Ähnlich wie 10th Annual Utah's Health Services Research Conference - Data Quality in Multi-Site Health Services and Comparative Effective Research: Lessons from PHIS+ By: Ram Gouripeddi
Provenance abstraction for implementing security: Learning Health System and ...Vasa Curcin
Ähnlich wie 10th Annual Utah's Health Services Research Conference - Data Quality in Multi-Site Health Services and Comparative Effective Research: Lessons from PHIS+ By: Ram Gouripeddi (20)
Pondicherry Call Girls Book Now 9630942363 Top Class Pondicherry Escort Servi...

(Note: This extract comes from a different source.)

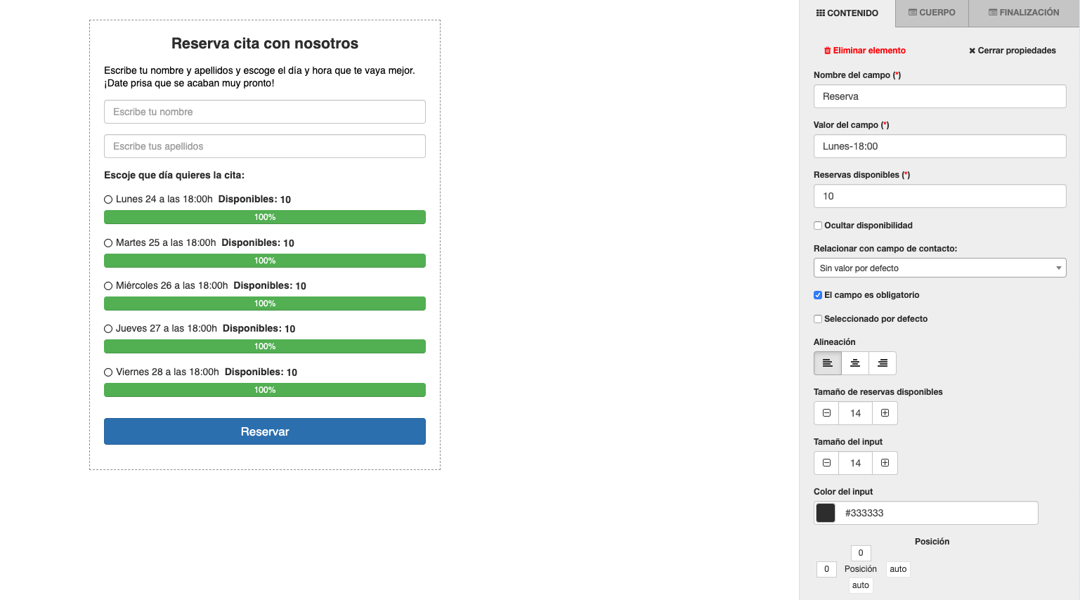 Si quieres asegurarte que sólo puedan enviar el formulario si hay disponibilidad, marca la opción de 'El campo es obligatorio'. Cuando no haya mas elementos disponibles, no se podrá enviar el formulario.

10th Annual Utah's Health Services Research Conference - Data Quality in Multi-Site Health Services and Comparative Effective Research: Lessons from PHIS+ By: Ram Gouripeddi
1. Data Quality in Multi-Site Health Services
and Comparative Effective Research: Lessons
from PHIS+
Ram Gouripeddi
University of Utah
10th Annual Utah Health Services Research Conference
Considering Data Quality in Health Services Research
Monday, March 16, 2015
2. Acknowledgements
• Raj Srivastava, MD, MPH
• Ron Keren MD, MPH
• OpenFurther Team members
• PHIS+ Team members across multiple institutions
• Apelon
• FURTHeR development was supported by the NCRR and the NCATS, NIH, through
Grant UL1RR025764 and supplement 3UL1RR025764-02S2. This project was
funded under grant number R01 HS019862-01 from the AHRQ, U.S. Department of
Health and Human Services (HHS). The opinions expressed [in this document] are
those of the authors and do not reflect the official position of AHRQ or the HHS.
• PHIS+: www.childrenshospitals.org/phisplus/index.html
2
3. PHIS+
• Augment Children’s Hospital Association’s (CHA)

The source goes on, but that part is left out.